Data of this study did not show any association between de novo constipation and lesions of specific brain sites, but this relationship could not be properly addressed in the present investigation because brain injuries were widespread involving several centers and damaging many nervous loops.
Fecal incontinence has been reported to occur in about 30% of patients in the first few weeks immediately after stroke and between 3%-11% at 3 months and thereafter[33,34]. The 5.5% prevalence of de novo fecal incontinence at least 3 months after a CVA in patients of this study, is consistent with previous reports[33]. The largely transient and early manifestation of fecal incontinence after stroke appears to be related more to impaired consciousness, immobility and inadequate nurse assistance than to the neurological damage per se. The similar occurrence of fecal incontinence in hemiplegic and orthopedic patients suggests that this phenomenon can be secondary to other factors than the neurological damage.

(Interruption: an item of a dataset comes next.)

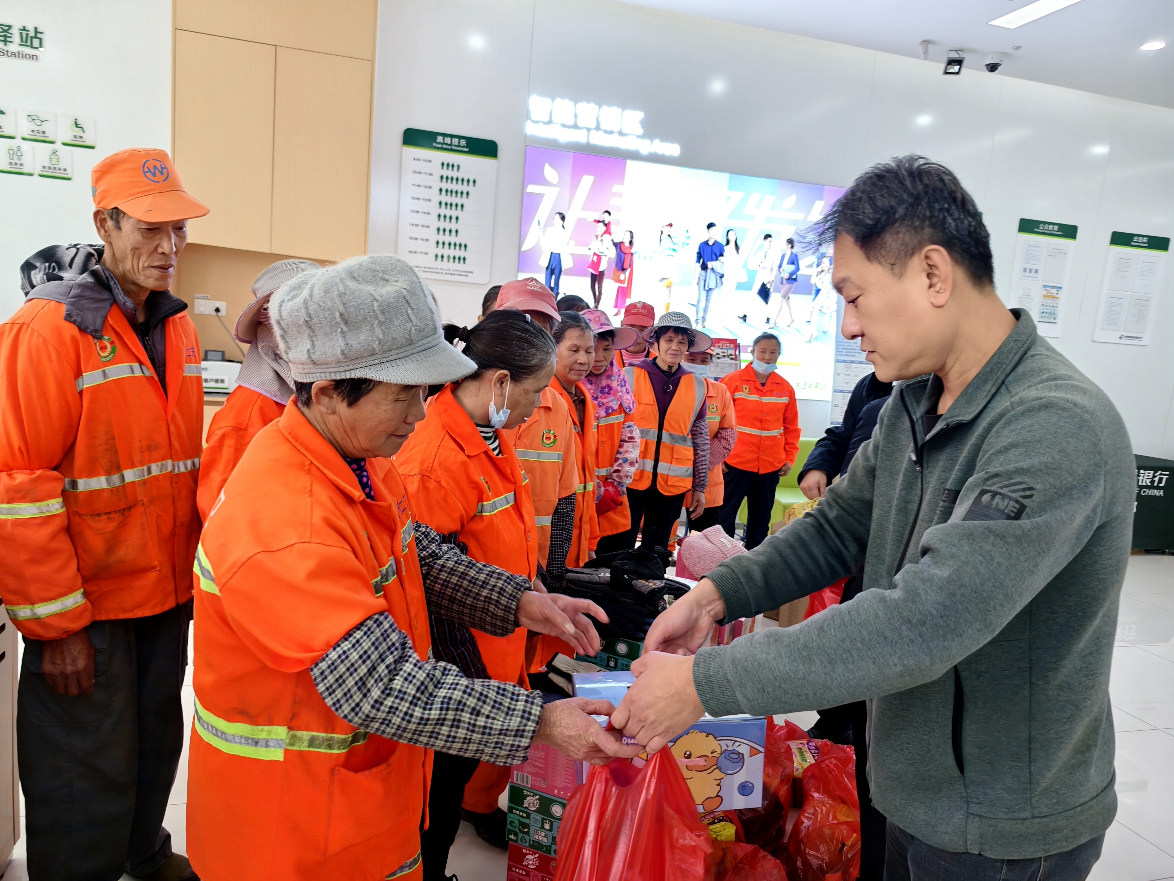 近日,中国邮政储蓄银行钟山县支行联合钟山县总工会,在支行“邮爱驿站”举办暖“新”服务季慰问活动,为30名环卫工人、外卖骑手、快递员等劳动者送上热乎早餐与新春礼包,以实际行动传递工会“娘家人”与金融机构的双重关怀。钟山县总工会党组成员、财务资产管理部部长张强,邮储银行钟山县支行副行长黎源及有关人员出席活动。

This study shows that chronic constipation is a frequent outcome secondary to cerebrovascular accident. Constipation is due to neurological lesions independently from the injured brain hemisphere, and is unrelated to age, gender and physical inactivity.
The risk of developing chronic constipation with CVA in either one of the cerebral hemispheres suggests that defecatory centers are located in both hemispheres being only one of the two physiologically dominants. The role of drugs as a co-factor in constipation after stroke must be better evaluated and interpreted.